Assigned task
Where a line holds the word "godine", copy that line from the data below.

Data excerpts
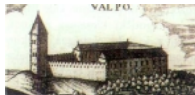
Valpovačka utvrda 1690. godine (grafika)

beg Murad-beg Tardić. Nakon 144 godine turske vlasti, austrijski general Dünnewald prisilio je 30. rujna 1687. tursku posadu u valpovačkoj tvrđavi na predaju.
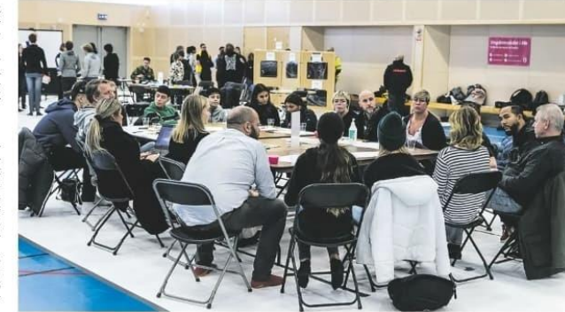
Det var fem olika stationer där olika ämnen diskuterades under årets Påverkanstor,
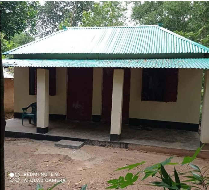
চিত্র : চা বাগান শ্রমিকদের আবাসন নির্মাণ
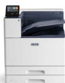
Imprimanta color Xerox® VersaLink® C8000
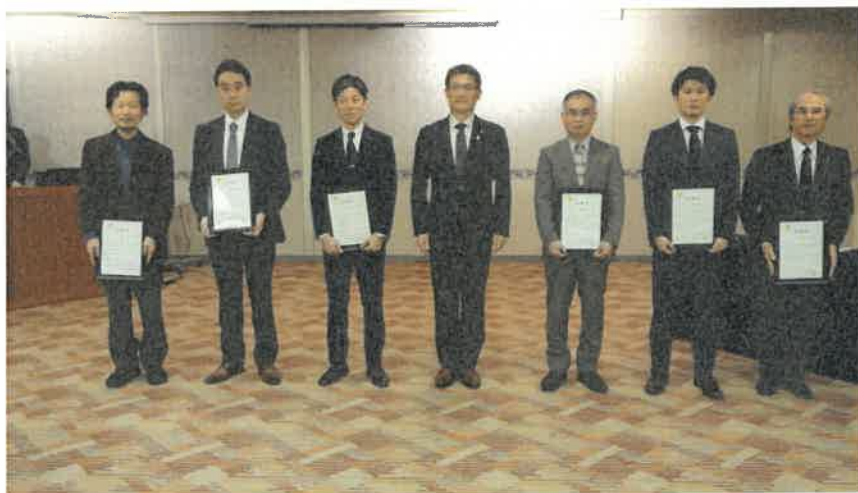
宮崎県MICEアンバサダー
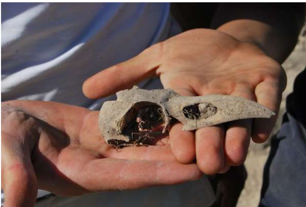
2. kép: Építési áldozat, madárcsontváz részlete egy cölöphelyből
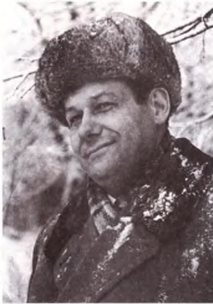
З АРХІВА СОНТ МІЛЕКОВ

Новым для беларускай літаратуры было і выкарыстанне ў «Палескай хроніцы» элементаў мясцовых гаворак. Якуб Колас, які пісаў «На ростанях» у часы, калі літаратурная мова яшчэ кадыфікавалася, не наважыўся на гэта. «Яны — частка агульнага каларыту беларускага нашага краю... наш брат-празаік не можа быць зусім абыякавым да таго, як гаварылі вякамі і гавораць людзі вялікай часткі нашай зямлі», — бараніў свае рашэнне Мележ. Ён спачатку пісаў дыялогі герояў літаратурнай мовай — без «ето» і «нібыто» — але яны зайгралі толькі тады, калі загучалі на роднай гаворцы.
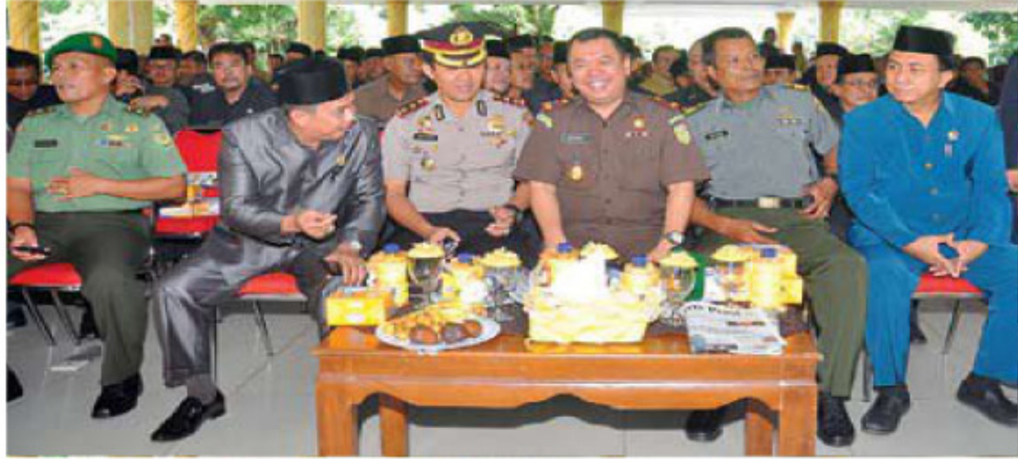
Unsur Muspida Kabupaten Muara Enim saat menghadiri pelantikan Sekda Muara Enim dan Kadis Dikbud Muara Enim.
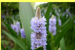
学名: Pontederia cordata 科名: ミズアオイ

...

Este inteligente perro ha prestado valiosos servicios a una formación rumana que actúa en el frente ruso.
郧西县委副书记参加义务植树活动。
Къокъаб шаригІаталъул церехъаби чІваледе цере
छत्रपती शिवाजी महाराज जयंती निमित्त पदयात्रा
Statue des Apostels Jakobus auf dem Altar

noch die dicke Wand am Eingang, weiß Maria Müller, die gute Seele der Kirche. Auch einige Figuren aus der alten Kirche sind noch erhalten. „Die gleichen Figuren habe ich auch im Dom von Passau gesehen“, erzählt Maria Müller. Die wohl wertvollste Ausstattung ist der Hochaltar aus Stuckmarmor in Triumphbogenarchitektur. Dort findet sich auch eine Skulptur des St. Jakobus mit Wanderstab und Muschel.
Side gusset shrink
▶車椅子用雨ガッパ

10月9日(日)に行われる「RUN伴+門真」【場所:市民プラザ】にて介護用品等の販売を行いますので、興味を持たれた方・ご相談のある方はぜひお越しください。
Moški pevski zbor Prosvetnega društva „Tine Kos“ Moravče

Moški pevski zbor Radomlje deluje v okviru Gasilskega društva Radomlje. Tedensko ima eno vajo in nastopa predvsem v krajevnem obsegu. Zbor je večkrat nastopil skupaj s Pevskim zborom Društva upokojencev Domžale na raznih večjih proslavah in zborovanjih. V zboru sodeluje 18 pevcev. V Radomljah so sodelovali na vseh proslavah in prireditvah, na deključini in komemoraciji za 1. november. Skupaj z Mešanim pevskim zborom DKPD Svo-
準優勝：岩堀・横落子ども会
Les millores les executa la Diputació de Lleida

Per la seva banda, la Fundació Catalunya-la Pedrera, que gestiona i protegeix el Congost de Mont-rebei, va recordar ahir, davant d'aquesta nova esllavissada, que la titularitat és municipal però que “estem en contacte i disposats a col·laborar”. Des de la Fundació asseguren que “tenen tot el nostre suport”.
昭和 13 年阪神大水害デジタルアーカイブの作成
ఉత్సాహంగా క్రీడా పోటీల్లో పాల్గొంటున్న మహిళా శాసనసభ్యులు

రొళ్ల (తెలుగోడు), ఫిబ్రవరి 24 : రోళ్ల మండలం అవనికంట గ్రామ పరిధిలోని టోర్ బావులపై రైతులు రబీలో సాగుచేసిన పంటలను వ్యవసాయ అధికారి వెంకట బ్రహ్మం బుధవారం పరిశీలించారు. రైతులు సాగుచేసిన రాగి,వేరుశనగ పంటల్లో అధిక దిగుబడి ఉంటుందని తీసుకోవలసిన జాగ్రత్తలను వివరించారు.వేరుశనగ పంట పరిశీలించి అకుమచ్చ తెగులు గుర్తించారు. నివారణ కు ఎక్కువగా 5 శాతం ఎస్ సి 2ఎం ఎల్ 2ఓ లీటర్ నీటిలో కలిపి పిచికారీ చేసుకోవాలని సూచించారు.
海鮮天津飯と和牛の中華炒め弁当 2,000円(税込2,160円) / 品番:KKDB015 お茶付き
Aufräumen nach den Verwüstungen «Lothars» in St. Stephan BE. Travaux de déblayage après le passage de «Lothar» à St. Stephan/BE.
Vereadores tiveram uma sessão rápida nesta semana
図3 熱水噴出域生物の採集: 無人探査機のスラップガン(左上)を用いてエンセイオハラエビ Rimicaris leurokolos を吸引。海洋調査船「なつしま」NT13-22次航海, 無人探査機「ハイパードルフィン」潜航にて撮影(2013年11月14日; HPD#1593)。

* * *

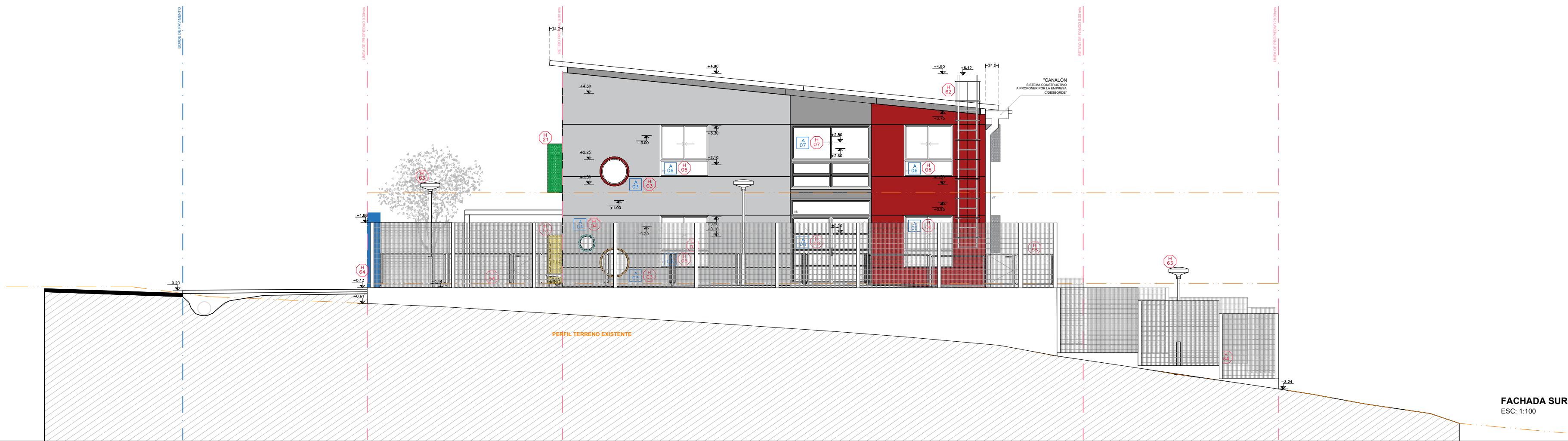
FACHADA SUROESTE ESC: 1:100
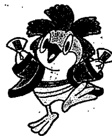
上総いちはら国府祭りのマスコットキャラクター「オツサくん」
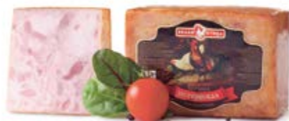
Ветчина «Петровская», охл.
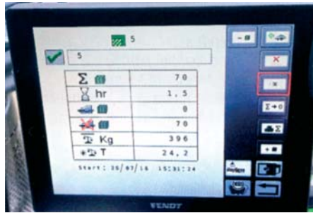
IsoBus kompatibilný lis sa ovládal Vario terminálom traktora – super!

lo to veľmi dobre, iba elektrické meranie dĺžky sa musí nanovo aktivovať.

Worked solution
Valpovačka utvrda 1690. godine (grafika)
beg Murad-beg Tardić. Nakon 144 godine turske vlasti, austrijski general Dünnewald prisilio je 30. rujna 1687. tursku posadu u valpovačkoj tvrđavi na predaju.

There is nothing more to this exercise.